この「牛乳」はエバミルクというのだが、英語のevaporated milkを短縮したもので、ミルクの水分を蒸発(evaporate)させて2倍に濃縮して作られる。

 無糖練乳とも呼ばれるが、加糖練乳(コンデンスミルク)との違いは砂糖が入っていないこと。特濃牛乳のように乳脂肪だけが高いのではなく、乳全体が濃縮されて乳風味が濃いので、ミルク好きにはたまらない。

 ジュースだけでなく、料理にもお菓子作りにも活躍し、家の戸棚にいつもケースでストックしてあった。スーパーに行っても、冷蔵コーナーに並ぶ「3.6牛乳」はほんのわずかで、常温の棚に行くと缶のエバミルクがずらっと並んでいる。見たことのない牛乳売り場の光景だ。

 さて、このエバミルク、そのままでは腐りやすい牛乳の保存期間を長らえるために生まれた加工方法で、冷蔵庫の普及していなかった19世紀に開発され大いに浸透したらしい。

「いまはフレッシュな牛乳が手に入るのになんでわざわざ…」とも思ったが、これだけ台所に馴染んでいるし、考えてみれば切り替える理由も特に見当たらない。濃厚シェイク風な朝のジュースはおいしいし、すでに煮詰めたようなコクがあり、大量に買いだめしておけて便利。
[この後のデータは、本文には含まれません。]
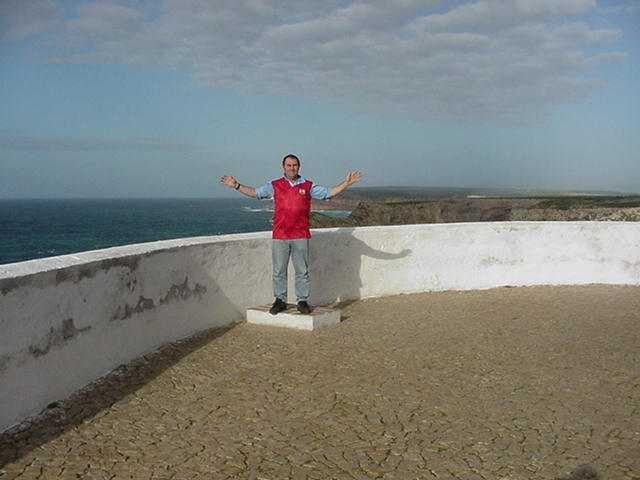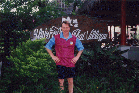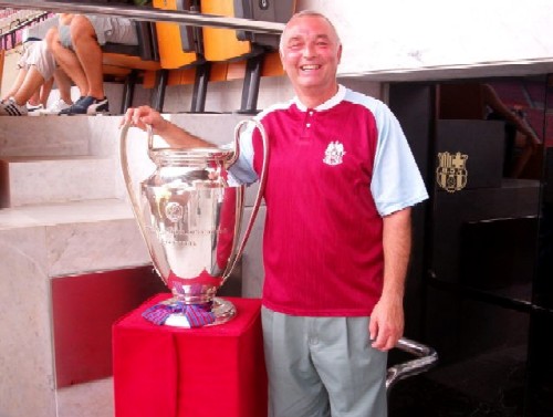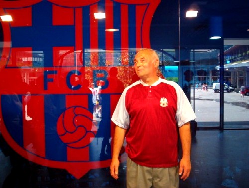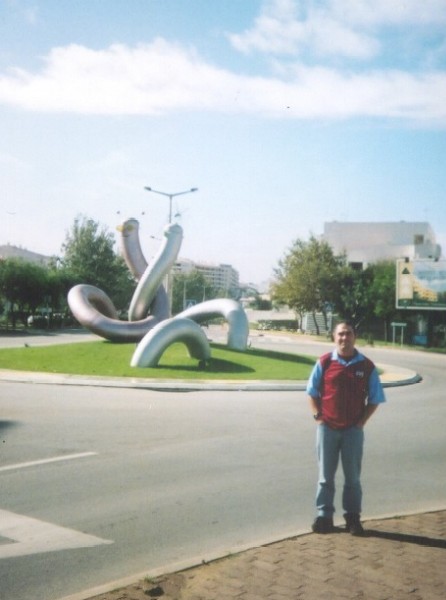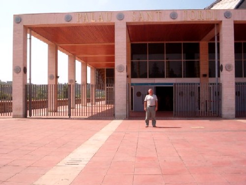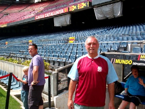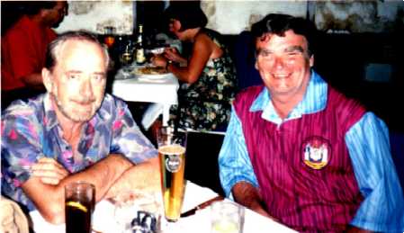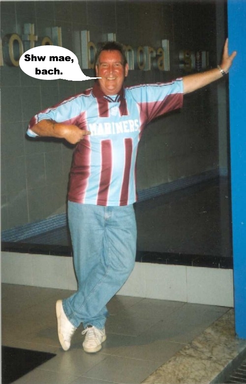 mate, Bill, outside some swanky hotel in Majorca wearing his Mariner's shirt.

 それに「田舎は今も冷蔵庫を持たない家が多いんだよ」とも言われ納得。そのままごくごく飲むことがなければ、たしかに缶詰の濃縮ミルクの方が便利かもしれない。

 私が信じて疑わなかった3.6牛乳。これが「普通の牛乳」と思っていたけれど、バターやクリームを取り出してから利用したり、長期保存できるよう濃縮したり、「普通の牛乳」ひとつにも、それぞれの国の文化があるものだ。

「乳」と呼ばれるものの
境界線はどこにあるのか

 私たちは「牛乳」を飲むけれど、乳とは何か。牛のミルクを牛乳と呼ぶから、動物から搾られるミルクのことだろうとなんとなく理解していたのだが、よく考えたら豆乳のように植物から搾られるものもある。オーツミルクやアーモンドミルクも仲間だろうか。そうすると動物でなくても良いことになる。

 しかし植物から作られるものの中でも乳と呼べるものは限られているようで、りんごジュースは「りんご乳」といわないし、カエデの樹液から作られるシロップはメープルシロップであって「メープル乳」ではない。動物または植物から搾られる白い液体が「乳」なのだろうか。